Indeed, increased gun control will soon become a reality in New Zealand, which begs the question of what we in America can learn from the swift response, especially given that New Zealand’s gun lobby is relatively influential when compared with those of other industrialized nations. Not only is the gun lobby influential, but there are quite a lot of guns: one for every three people, and gun hobbyists comprise a good share of gun owners.
The reason New Zealand is able to enact such reforms so quickly is actually quite simple and presents a valuable lesson in legislating reforms designed to curb mass shootings here in the United States. The answer is that there is no NRA. This requires some qualification. Here in the US, the NRA derives its power from a small but extremely politically active base of members and supporters. The NRA is able to activate its supporters by using the same tired line that the left will attempt to take away their guns, ergo violating the second amendment, which leads to political pressure on Republicans fearing a primary challenge in particular.

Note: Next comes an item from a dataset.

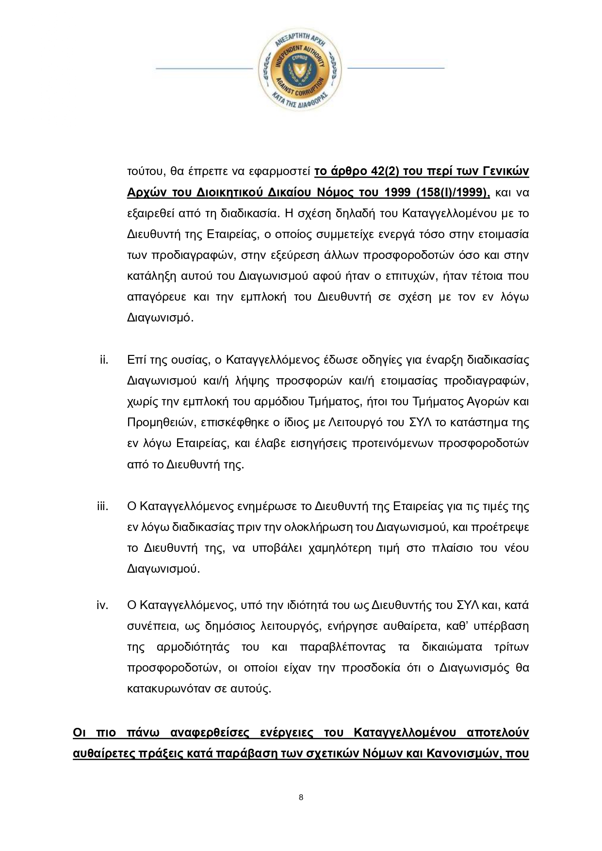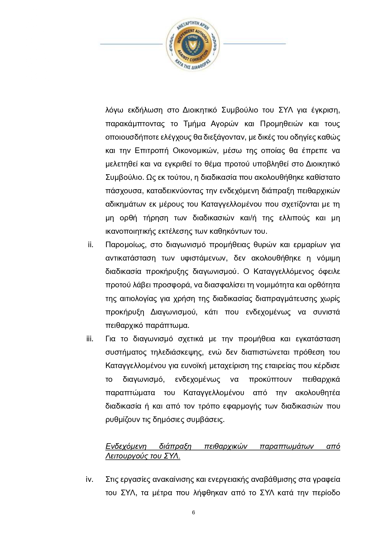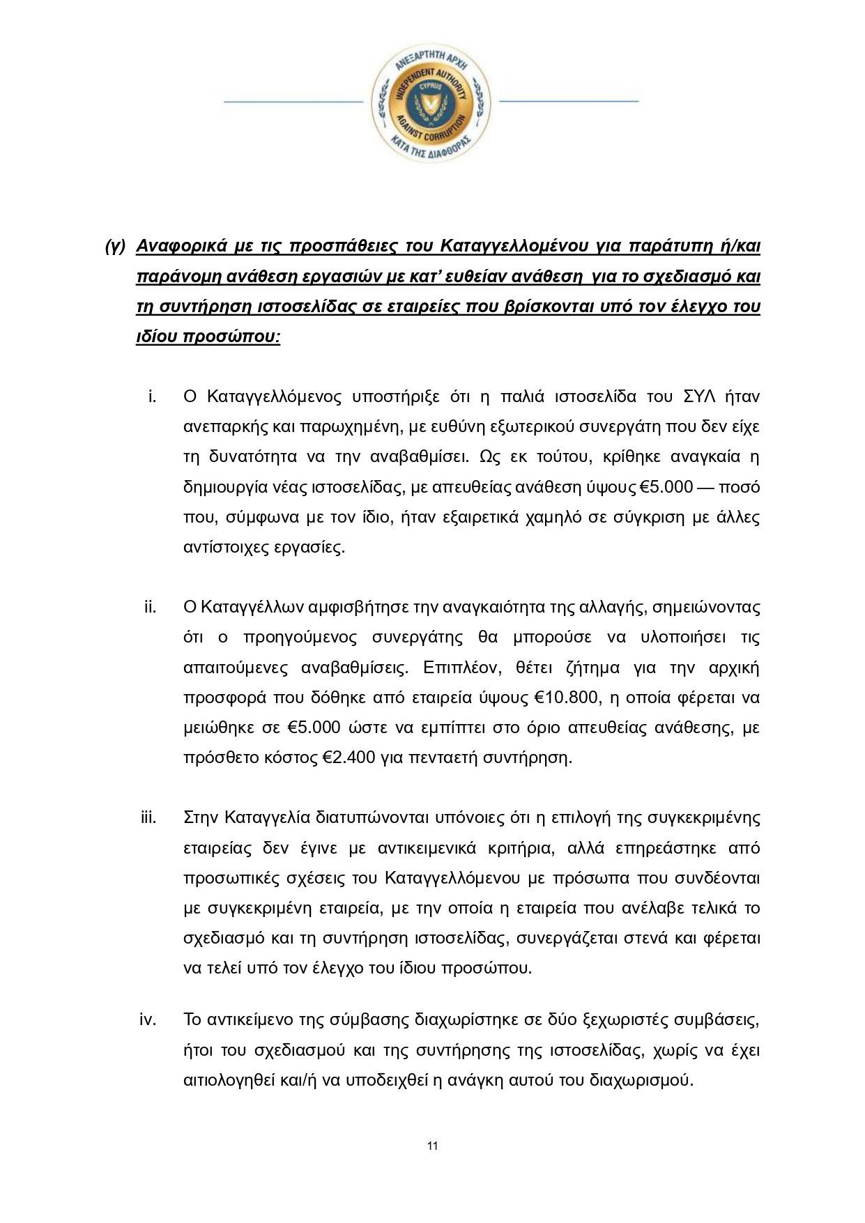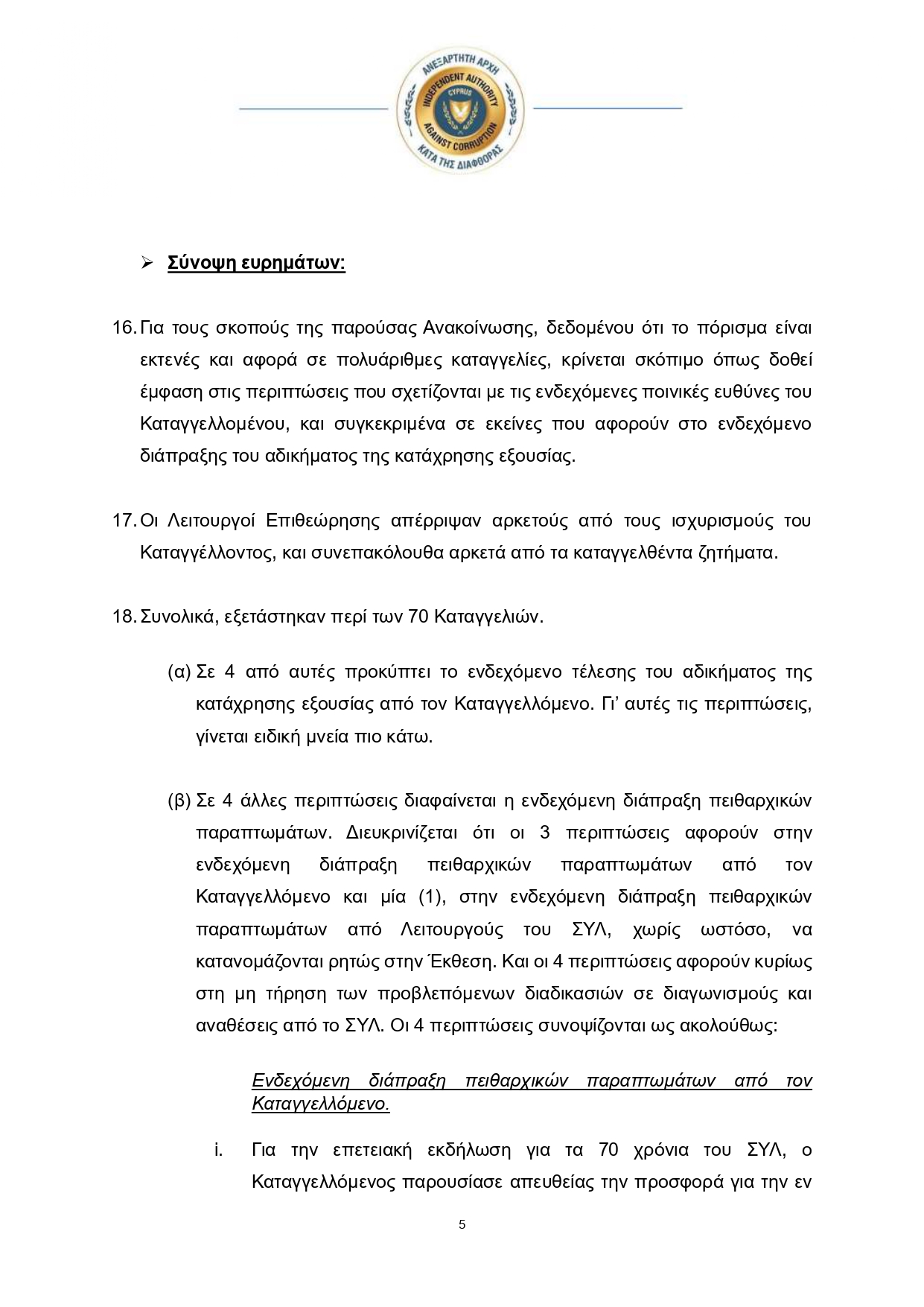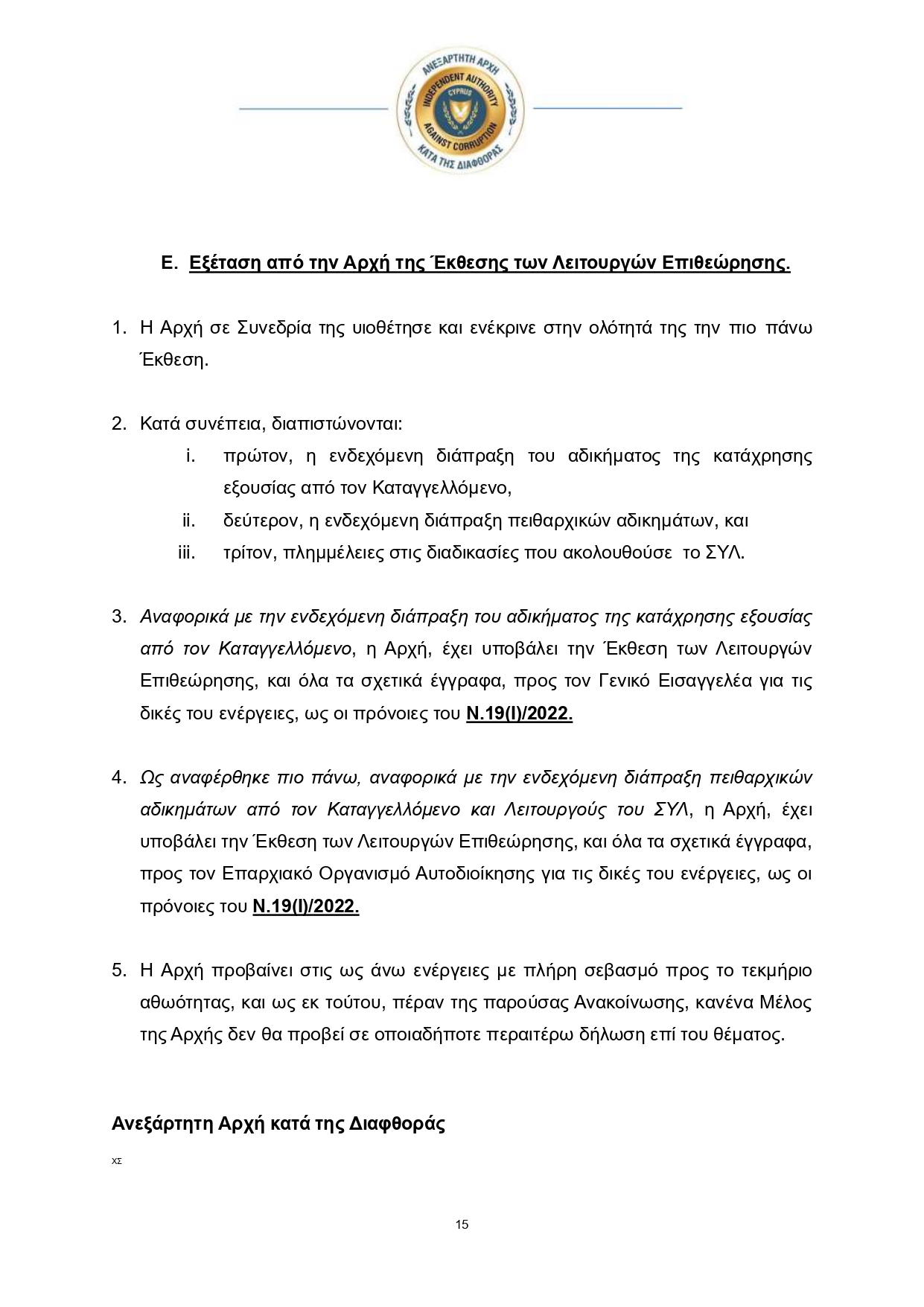 - Ενδεχόμενη διάπραξη του αδικήματος της κατάχρησης εξουσίας από τον Καταγγελλόμενο,

New Zealand’s lack of such a politically mobilized and entrenched gun-rights advocacy group leads to its ability to pass meaningful gun reform. Because the gun lobby does not have a mobilized voter and donor base and is not publicly controlling the discourse surrounding gun reform, its agenda sometimes takes a back seat to overwhelming public interests.
However, New Zealand’s current situation is not the only test case in the passage of gun reform. The existence of the NRA in its current form was not always a given here in the United States, either. Prior to 1977, the NRA took a backseat role in the pursuit of the gun-rights agenda, and arguably did not engage much in political debates over guns. This led the US to have more effective debates over gun rights and not simply sit deadlocked as it does today.
The moral of this story is that there is one organization sitting in the way of enacting reforms that huge majorities of Americans support, and while there are few simple solutions to this problem, knowing this can be a valuable asset in debates over the merits of gun control.